You loving your dog doesn’t mean I do
Ilike animals, in a broad wouldn’t-hurt-them kinda way, but I’m not one of those animal addicts who are instantly drawn to every creature that passes their way. I certainly don’t feel the urge to touch animals that happen by and am quite happy for them not to touch me. Following a scary incident with dogs as a child, I had a fear that only diminished into unease when I was an adult. Then I had kids, which proved way scarier.

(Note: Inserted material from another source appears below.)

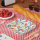 Vibranntes Tulip Muster Blumendesign auf Weiß Pappteller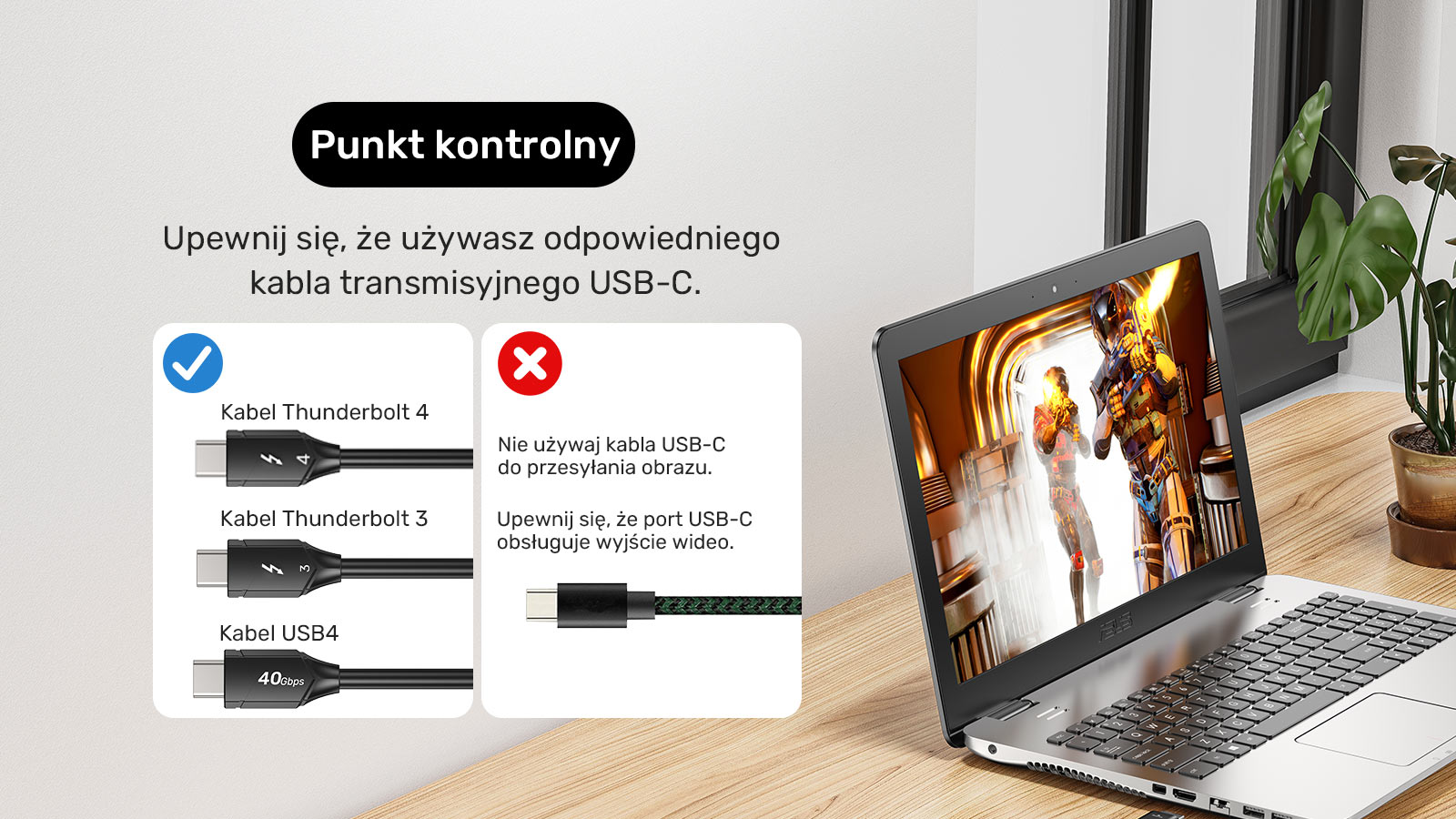- Do uzyskania pełnej funkcjonalności: (w tym 4K@60Hz) wymagany jest w pełni funkcjonalny kabel USB-C (standard USB 3.2 lub wyższy, np. Thunderbolt 3, 4 lub USB4). Zwykłe kable USB-C przeznaczone tylko do ładowania nie zapewnią transmisji wideo.

Those kids shared not my animal weirdness and wanted a dog, so did their father. Three against one, I conceded defeat. And once broken I conceded a long line of defeats, shaped like hamsters, rabbits, the hound and a bloody goat. Really. Morphing into Doctor Doolittle has been mostly a superficial exercise, not so much a soul one, and I would still prefer not to touch animals and for them not to touch me. Especially random ones. I think it is one of those things you either get or you don’t.
Perhaps because I am an unwilling dog-owner as opposed to the devoted kind, it is easier for me to understand that not everyone is as delighted to have a hound slobber on them as their owners are. Some people, and in my observation it tends to be male people, are very considerate about their dogs invading your space and do their best to intervene. Others, more likely female, it pains me to say, can be a bit on the casual side. Instead of removing their hound, they’ll say, “He’s very friendly.” Really? Cos being covered in droplets of cocker spaniel-scented pond water doesn’t feel that pally. But last week I witnessed a whole new deployment of the “very friendly” owner oblivion syndrome when a woman said it after her dog ran over and took a whizz on a little kid’s ball. “He gets very excited,” sez she, by way of further explanation. Oh, well, that’s OK then?